Norman Vine nhv@cape.com
Tue, 18 Sep 2001 14:17:57 -0400


Jonathan Pennington writes:
>
>Given > 3 points on a plane, how would one use Python to calculate the
>surface area of that plane. I'm assuming numpy would be used because
>it's going to run quite frequently.

Given only three points all you can calculate is the area of 
the triangle defined by those points.

If this triangle is is on the surface of a sphere then the additional
area in the amount of the 'spherical excess' must  be applied to
determine the area of the spherical triangle.  This is closely
related to the angular 'spherical excess' of triangles on a sphere

IMHO a wonderful teaching device is to draw eight equal spherical
triangles on a sphere.  Each corner of the triangles is 90* hence
the spherical excess is 90*  Sum of angles - 180*

FYI
It can be proven that the sum of the interior angles of a spherical
triangle is always > 180* and < 540*

Spherical Area = pi times r squared times E divided by 180
SA = pi * r**2 * E / 180

where 
r = area of sphere
E = Angular Spherical Excess

This is easiest to derive from a unit sphere and is a 'good' teaching
device

>
>To give more of an explaination, I'm trying to develop an educational
>program that is adding mathematics to my existing attempt to merge
>science(geology) and programming.
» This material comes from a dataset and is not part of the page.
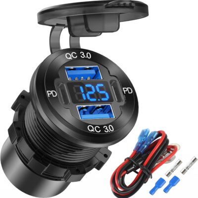 Upgraded 4 Port 12V USB Outlet Aluminum Charger, 78W Dual PD & QC Multiple USB Port for Car, USB C Cigarette Lighter Replacement 12 Volt Socket with Voltmeter Waterproof for Marine Boat Motorcycle RV

Students will take coordinate data
>(either in lat/lon or UTM format) and enter the data into their
>programs to manipulate it, so the points will probably be in lat/lon
>format.

Note that the above is on a sphere and not a spheroid !
A reasonable first approximation of the area on a spheroidal triangle
can be made by simply using the distance from the center of the spheroid
to the center of the triangle as the radius

There were Python bindings for the Proj library 
try searching the vaults of parnassus

Note rather then just handing the students a working program
I would try to have them try to figure this one out on their own
using the unit sphere and 8 equal triangles as a starting point.